Based on the fact that the concept of damage is not defined in the GDPR, but the Union legislature intended a broad understanding, the requirement of a certain weight for a substitute capacity cannot be assumed.
Otherwise, there would be a risk of claims for damages being handled heterogeneously in the various member states because the courts seised would assess the criteria of relevance and thus the recognition or rejection of compensation differently.
However, the judges maneuvered past the actual core of the question of whether a nuisance felt merely due to the data protection violation could justify non-material damage.
The ECJ did not make a statement as to whether immaterial damage should already be assumed in the case of weak and temporary emotions in connection with violations of data processing regulations.
This is particularly problematic because in the same judgment he declared infringement and damage to be two different entitlement requirements.
However, if feelings of mere annoyance, which are inherent in a data protection violation and are likely to be caused by it, are also considered non-pecuniary damage, the duality of the entitlement requirements would be watered down again or even abolished.
In this respect, the ECJ Advocate General spoke in his Opinion of October 6th, 2022 not to consider mere subjective feelings of dissatisfaction as the result of a data breach as sufficient non-pecuniary damage.
It is also recognized in German case law that immaterial damage only exists if the person concerned has suffered a noticeable disadvantage resulting from an objectively comprehensible impairment of personality-related interests with a certain weight.

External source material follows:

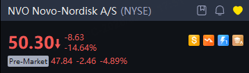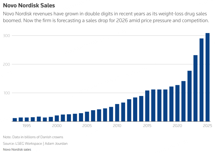 Novo-Nordisk A/S's shares plunged as much as 5% in premarket trading on Wednesday as the Danish obesity drug giant warned it would face "unprecedented" price pressures in 2026 after shocking the market with guidance for a sharp sales decline this year.
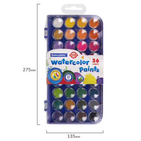 Краски акварельные BRAUBERG "PREMIUM" 36 цветов, круглые кюветы 23 мм, пенал, 191746

It remains to be seen to what extent this can still be maintained in the light of the decision of the ECJ.
Finally, the ECJ did not comment on what was to be recognized as “immaterial damage” at all, but only ruled that the ability to compensate for damage – once accepted – does not depend on its significance.
III. Conclusion
In its judgment of May 4th, 2023 (Az. C-300/21), the ECJ ruled on the eligibility requirements for the GDPR damage claim and the ability to compensate for immaterial damage.
While the court clearly established that a mere breach of data protection does not already entitle to compensation, but that concrete and causal damage must also have occurred as a result of the breach, it dodged the very crucial question of what should be recognized as immaterial damage.
The ECJ ruled in this respect that the ability to compensate for non-pecuniary damage does not depend on a certain degree of relevance, and remained silent on the question of the extent to which a mere feeling of displeasure about a data protection violation suffered could justify the assumption of damage.